My indexing, retrieval, training and comparison scripts can be found in my colbert-maintenance repo
ConditionalQA Index Artifacts
I compared the shapes and values (torch.allclose) of the .pt files in both indexes (of the UKPLab/DAPR/ConditionalQA document collection). All but one pair of tensors have the same shapes (it's an important one: ivf.pid.pt which maps document token embedding IDs to centroid IDs) and none of the tensors' values pass torch.allclose:
| File | Shapes match | Values match |
|---|---|---|
| 0.codes.pt | Yes | No |
| 0.residuals.pt | Yes | No |
| 1.codes.pt | Yes | No |
| 1.residuals.pt | Yes | No |
| 2.codes.pt | Yes | No |
| 2.residuals.pt | Yes | No |
| avg_residual.pt | Yes | No |
| buckets.pt | Yes | No |
| centroids.pt | Yes | No |
| ivf.pid.pt | No | No |
The changes in from 0.2.21 to 0.2.22 result in nearly wholesale index artifact changes.
ConditionalQA Retrieval Metrics
I compared aggregate and query-level metrics as well as raw retrieved passage IDs between the two colbert-ai installations.
| PyTorch version | Transformers version | Mean Recall@10 | Mean MRR@10 |
|---|---|---|---|
| 1.13.1 | 4.38.2 | 0.1309418985666801 | 0.1769138405669771 |
| 2.8.0 | 4.55.0 | 0.12709371722772383 | 0.17931236455221697 |
The changes in PyTorch (1.13.1 --> 2.8.0) and Transformers (4.38.2 --> 4.55.0) result in a decrease in Mean Recall@10 and increase in Mean MRR@10. On average there is 1 different passage retrieved per query between the two versions.
Here are the query-level differences in metrics, where "Increase" means the metric increased in the 0.2.22 install (relative to 0.2.21).
| Recall@10 Difference | Count |
|---|---|
| Equal | 264 |
| Decrease | 4 |
| Increase | 3 |
| MRR@10 Difference | Count |
|---|---|
| Equal | 256 |
| Decrease | 8 |
| Increase | 7 |
In most cases the query-level metrics are equal for 0.2.21 and 0.2.22. There are 4 queries for which Recall@10 decreases and 8 queries for which MRR@10 decreases for 0.2.22.
Training Dynamics (MS MARCO)
I trained the default bert-base-uncased model for 1000 batches with collection.tsv, queries.train.tsv and triples.train.small.json (JSON file created from the available tsv).

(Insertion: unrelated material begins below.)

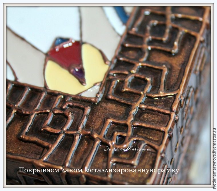 7. Одновременно с заливкой краской, покройте наши металлические поверхности Лаком-разбавителем. Он придаст этим участкам глянец и защитит от стирания воска с контура. Это делается так же кистью, только можно взять по толще, например, №2 или №3.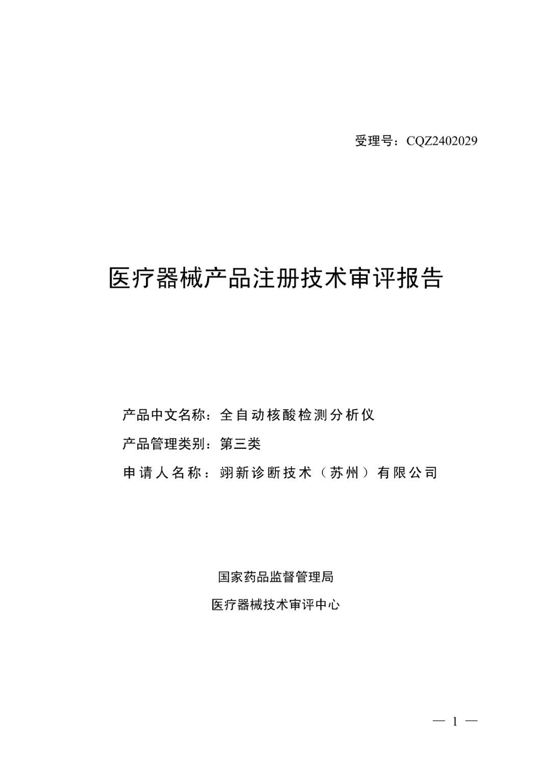 2025年9月29日,国家药监局批准了翊新诊断技术(苏州)有限公司的“全自动核酸检测分析仪”,注册证编号为:国械注准20253221958。 其预期用途为:该产品基于实时荧光PCR检测原理,与配套的检测试剂共同使用,在临床上用于对来源于人体呼吸道样本、生殖道样本和尿液样本中的靶核酸(DNA/RNA)进行定性检测,包括病原体项目。恭喜翊新诊断。 该仪器融合薄膜微流控技术与qPCR技术,最快可在45分钟内实现12种病原体的核酸检测。凭借产品的全自动化检测流程及封闭式设计,可广泛应用于医疗机构、疾控中心、海关检疫等场景。此次获批标志着翊新诊断在分子诊断自动化领域取得重大突破,有力推动了国内即时检测(POCT)核酸技术的标准化、自动化进程及其临床应用普及。 根据器审中心数据显示,该产品在2024年11月21号进入医疗器械优先审批申请审核结果公示(医疗器械优先审批申请审核结果公示(2024年第15号)),同意理由为:该产品属于“列入国家重点研发计划的医疗器械”。从公示到获批,历时11个月。 今天,器审中心公开了产品的审评报告,具体内容如下: |

0.2.22 results in a higher training loss, higher mean positive document score and higher mean negative document score.
Multi-GPU Setting
I also ran indexing, search and training for the two colbert-ai installs on 4 x L4 GPUs. For indexing, the results are similar---all but one index tensor's shapes match, none of the index tensor values match.
In the case of multi-GPU search, the Mean Recall@10 and Mean MRR@10 both decrease for 0.2.22:
| PyTorch version | Transformers version | Mean Recall@10 | Mean MRR@10 |
|---|---|---|---|
| 1.13.1 | 4.38.2 | 0.1290968801164956 | 0.17891261055467697 |
| 2.8.0 | 4.55.0 | 0.12869273321788374 | 0.17573361447900193 |
At the query-level, multi-GPU search results in a net of 2 lower MRR@10 values for 0.2.22.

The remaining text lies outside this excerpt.